Cation permeability and ouabain-insensitive cation flux in the Ehrlich ascites tumor cell.

The components of Na and K flux across the plasma membrane have been investigated in the Ehrlich ascites tumor cell. At intracellular K levels of approximately 100 mM, unidirectional K influx is composed of a ouabain-sensitive component, a ouabain-insensitive, nondiffusional component and a diffusional component. Unidirectional K efflux is composed of an external K-dependent component and a diffusional component. Upon reduction of intracellular K to approximately 50 mM, the external K-dependent component becomes maximal and diminishes upon further reduction of intracellular K. Unidirectional Na efflux is composed of a ouabain-sensitive component, a diffusional component and a saturable, external Na-dependent, ouabain-insensitive component. Unidirectional Na influx may be accounted for by a diffusional component, based on estimates of membrane permeability to Na, membrane potential and Na distribution.
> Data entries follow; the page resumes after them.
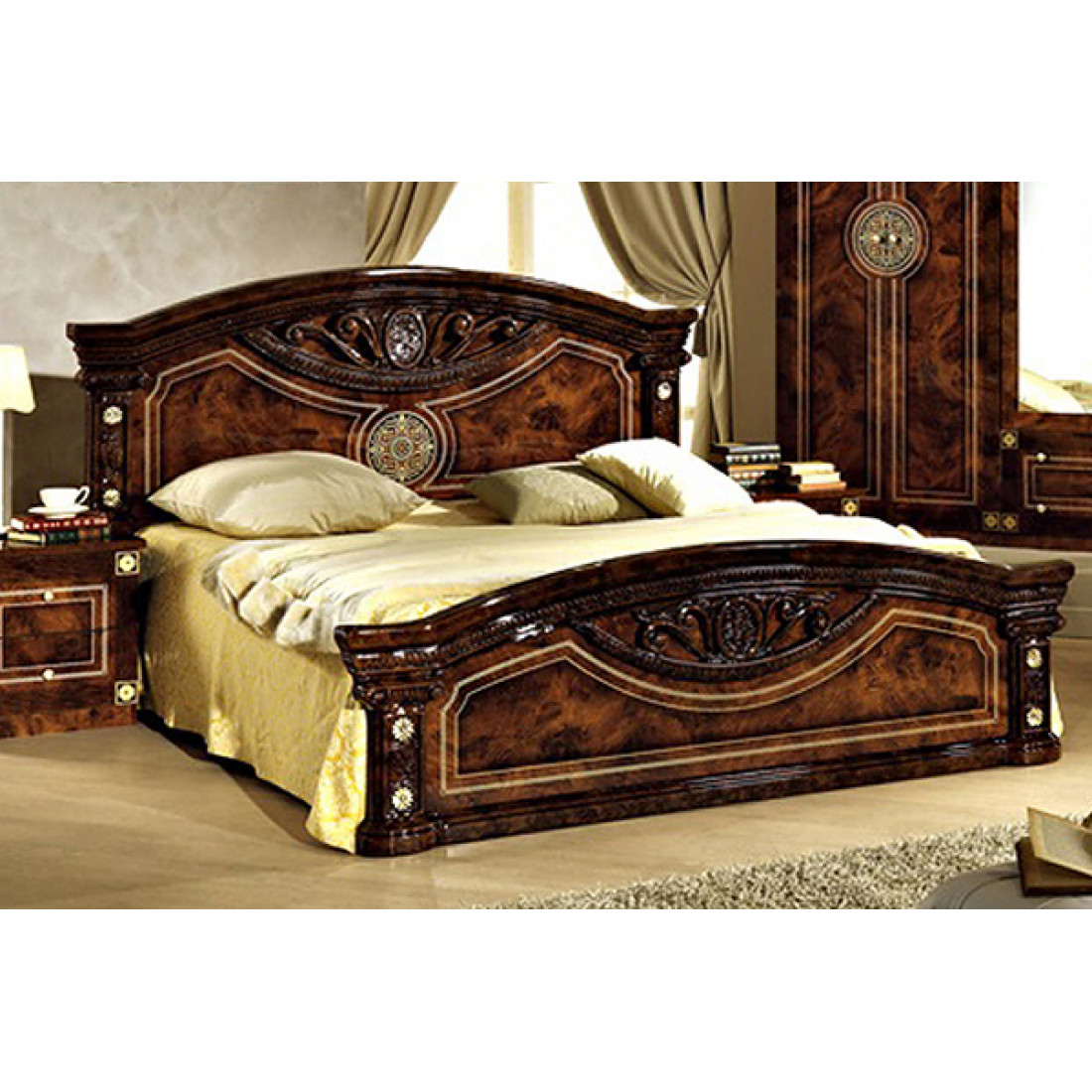 Двуспальная кровать Рома (орех) от Российской фабрики «ДИА мебель» выполнена в строгом, классическом стиле. Ореховый цвет в сочетании с глянцевым покрытием придает элегантность. Такая большая, просторная кровать поможет вам забыть о проблемах и окунуться в сладкий сон. Она поможет почувствовать себя свободным и непринужденным, будет не обходимым модулем в вашей спальне. Вся коллекция "Рома" предназначена только для истинных ценителей элегантного классического стиля.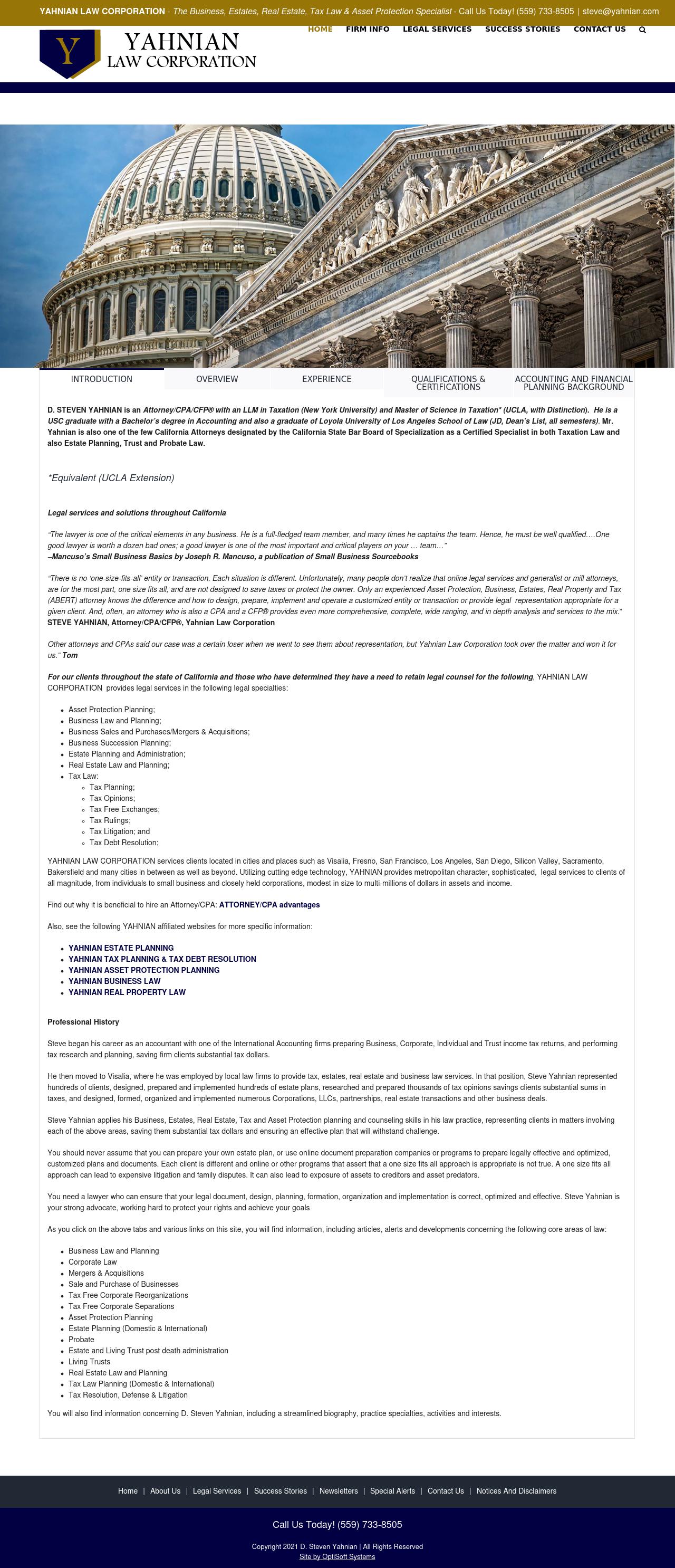 Yahnian Law Corporation Yahnian Law Corporation - Tax Law, Asset Protection, Estate Planning YAHNIAN LAW CORPORATION is a Visalia based Business and Corporate, Estate Planning and Administration, Probate, Real Property, Asset Protection Planning and Tax Law firm.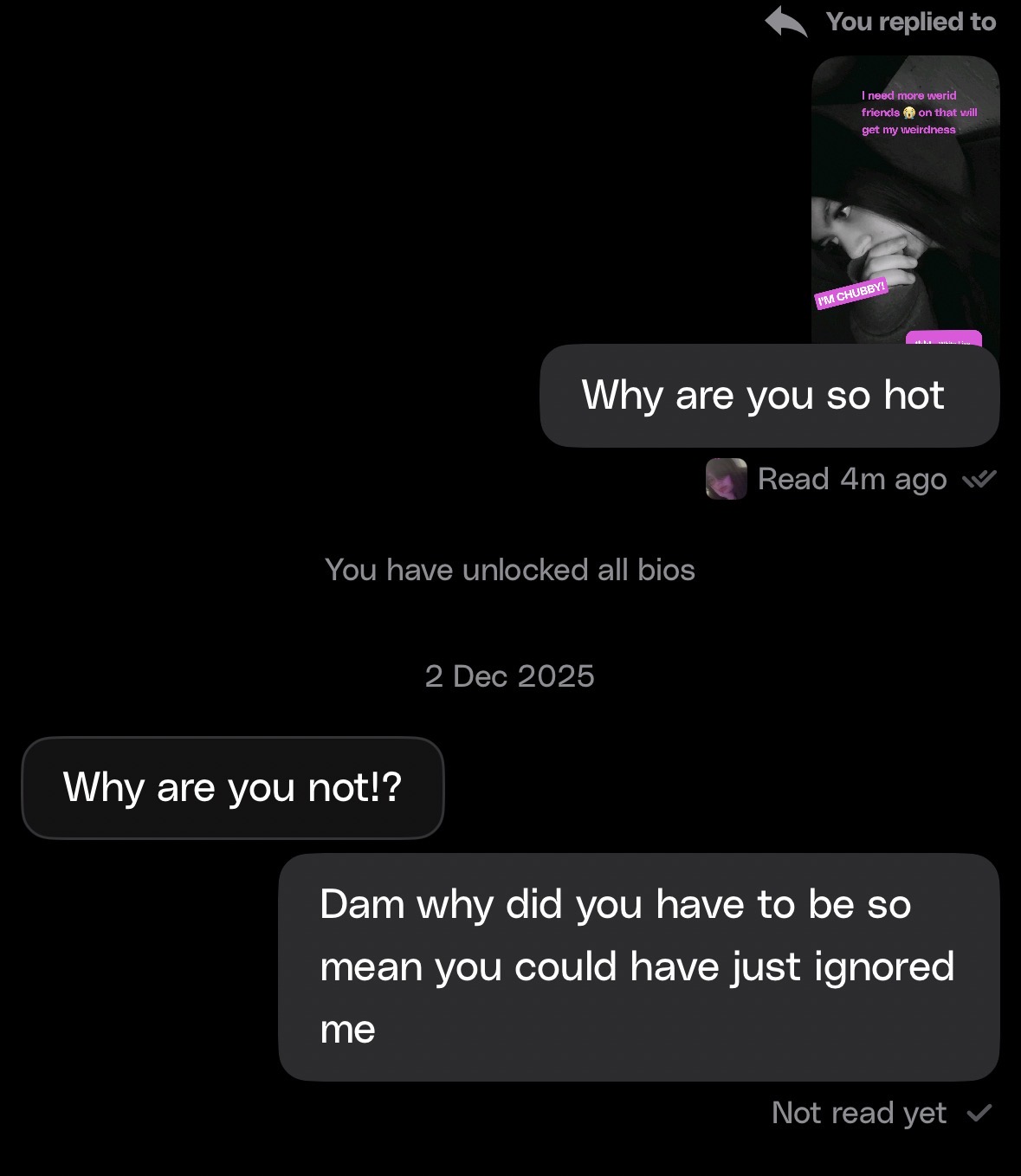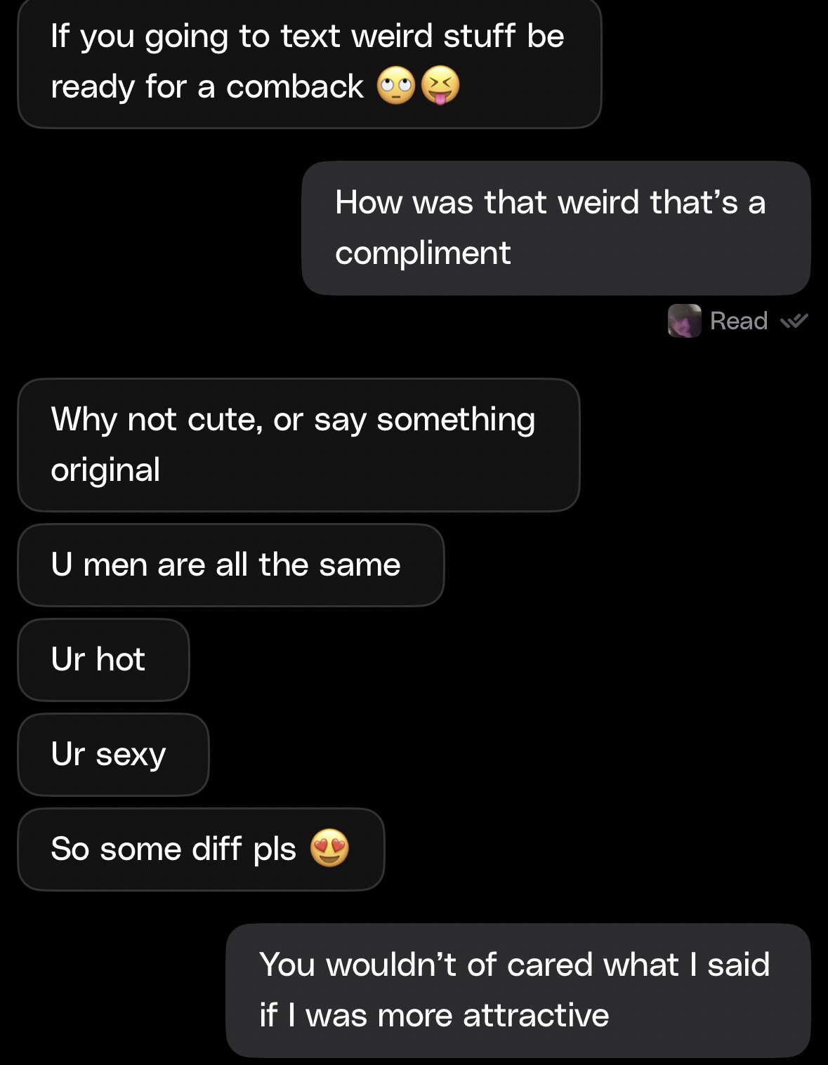 Women sometimes instead of rejecting kindly will start insulting you out of no where while reaching for the most absurd reasons as to why they did so just to avoid accountability and justify their actions to themselves, it’s crazy

This would suggest that the ouabain-insensitive, external Na-dependent Na efflux is not Na--Na exchange. The origin of the cell membrane potential has not been previously established in the Ehrlich ascites cell. From the diffusional components of Na and K flux determined in these experiments, the membrane permeabilities to Na and K have been estimated. These permeabilities, in conjunction with the Na and K distributions across the plasma membrane, predict a cell membrane potential of - 18mV (inside negative). Passive Cl distributions in these cells predict a cell membrane potential of - 21 mV, which is in agreement with previous microelectrode measurements and dibenzyldimethylammonium distributions. The results are therefore consistent with the conclusion that the magnitude and polarity of the cell membrane potential in the Ehrlich ascites cell is dictated primarily by Na and K.